兄弟の相次ぐ死によりエリック兄弟は次男のケビンと四男のケリーの二人だけになってしまいました。
切断した右足の痛みに耐えながら義足でリングに上がっていたケリーは痛みを和らげる目的でコカインを常用するようになりしだいに中毒になっていきました。
そして93年2月、とうとうコカインの不法所持から実刑を伴った有罪判決が確定、その直後にテキサス州デイトンの自宅でピストルによって自らの命を絶ってしまいます(享年33歳)。

こうして全員が世界王者となるという輝かしい未来が約束されていたはずのエリック兄弟はケビンを除いて全員が天に召されたのです。
「鉄の爪」と呼ばれて一世を風靡した男は、どうして「鉄の心」を息子たちに授ける事ができなかったのでしょうか?
傷心のフリッツはダラスでのプロモート業から完全撤退、晩年には愛妻であったドリス夫人とも離婚し寂しい隠居生活を送っていましたが97年9月、肺がんによって68年の波乱の生涯を終え5人の息子の待つ天国へ旅立ちました。

亡くなる一年前の夏、フリッツは日本の雑誌の特派員の取材に応じていました。
結果としてこれがファンに対する最後のメッセージとなってしまいましたが、一連の悲劇についてフリッツは気丈にこう答えています。
「確かに息子たちの相次ぐ死はショックだったが、私は現実に目を背けるような生き方だけはしたくなかった。運命は運命としてね…。
ただ、デビッドとケリーが生きていたらダラスのプロレスももう少しいい時代が続いたと思う。デビッドが世界王者として全米をサーキットし、ケビン、ケリー、マイク、クリスがダラスのマーケットを守る。その夢だけは果たせる自信があったんだが…。」

たった一人だけ生き残ったケビンもプロレス界からフェードアウトし、こうして鉄の爪一家はプロレス界の伝説となったのです。

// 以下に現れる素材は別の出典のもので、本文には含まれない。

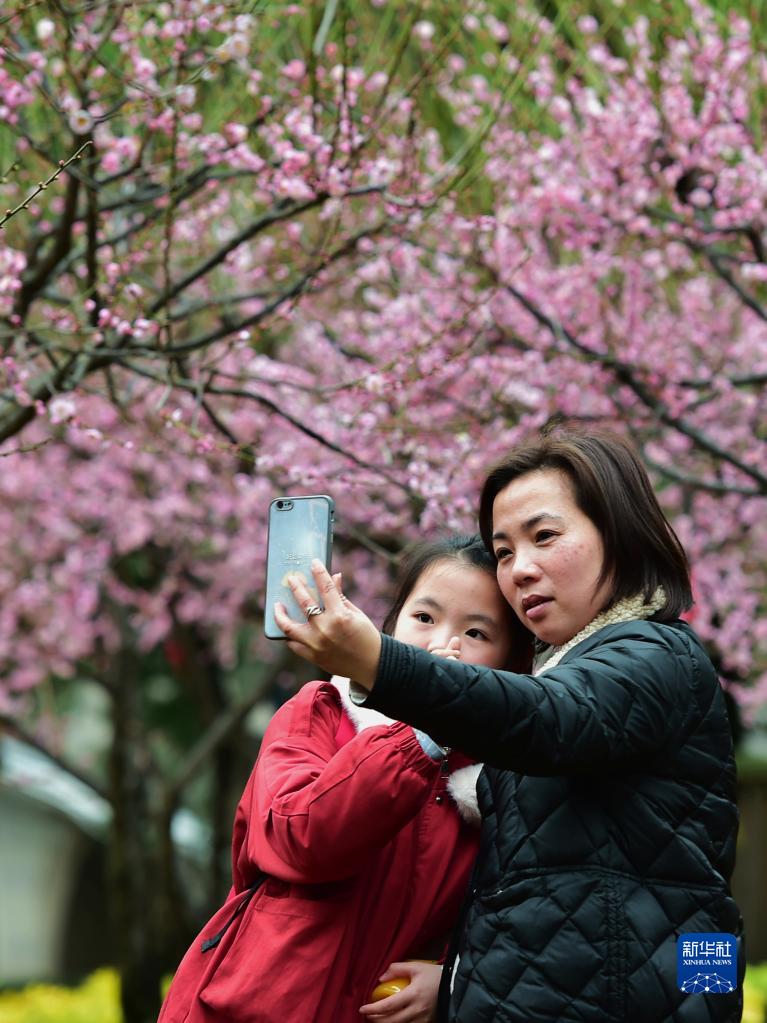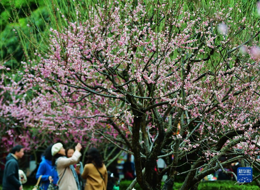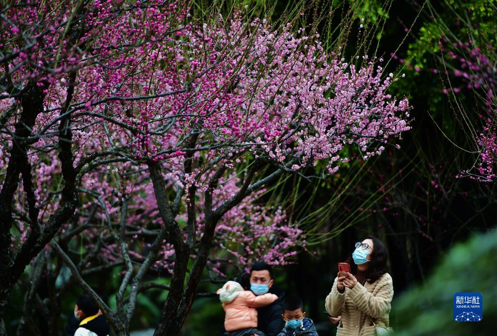近日,福建省福州西湖公园里的梅花竞相绽放,吸引人们徜徉其间、赏花留影,成为一道靓丽的风景线。

まだフリッツが在命だった96年、かつてフリッツの下でテレビ中継アナウンサーを勤めていたビル・マーサー氏がダラスの新聞の取材に答えました。
マーサー氏によれば後の悲劇はそもそもフリッツとドリス夫人の結婚が遠因と言うのです。
「2人は1950年、フリッツが20歳、ドリスが17歳の時に結婚しました。
当時大学のフットボールの花形選手だったフリッツがまだ高校生だったドリスを見初めて、今で言う駆け落ちで強引に結婚してしまったのです。どちらの両親も大反対、しかし既にドリスは子供を宿していた。それが59年に感電死した長男のジャックだったのです。」
また、84年に日本で亡くなった三男デビッドについても衝撃的な事実が語られました。
「日本では内臓疾患とあいまいに報道されたそうですが、日本の警察から送られてきた報告によると使用していたドラッグの副作用による死でした。
フリッツの犯した大きなミステイクは『デビッドは日本での第一戦で心臓麻痺を起こした。』とファンに嘘をついた事です。
デビッドが日本でツアーに入る前に急死した事はこちらの報道で皆知ってましたから。
この嘘によって今までエリック一家を支持していたファンが一斉に疑惑の目を向けるようになったのです。」

マーサー氏は85年10月に退職しましたがその直前にはこんなエピソードもあったそうです。
「85年8月、イスラエルへの遠征で瀕死の重傷を負った五男マイクが体重65kgまでやせ細ってしまったのに、フリッツは強引にステロイド注射を命令して10月4日のコットン・ボウル大会に間に合わせようとしました。
私はフリッツの本性を見てしまった気がして怖くなりました。
87年にマイクが自殺した時、私は残る三人も同様の死を迎える予感がしましたが本当にクリス、ケリーまでもが自ら命を絶ってしまいました。
今はどうか残ったケビンだけでも神様が守ってくださるようにと祈る気持ちです。」

鉄の爪一家を襲った数々の悲劇から長い時間が過ぎた2009年、ファンには嬉しい知らせが届きました。
フリッツとエリック兄弟全員が、世界最大のプロレス団体WWEの殿堂入りを果たしたのです。
天国のフリッツと兄弟たちに代わってたった一人生き残ったケビン・フォン・エリックが実に久しぶりに公の場に現れ、一家を代表して表彰を受けました。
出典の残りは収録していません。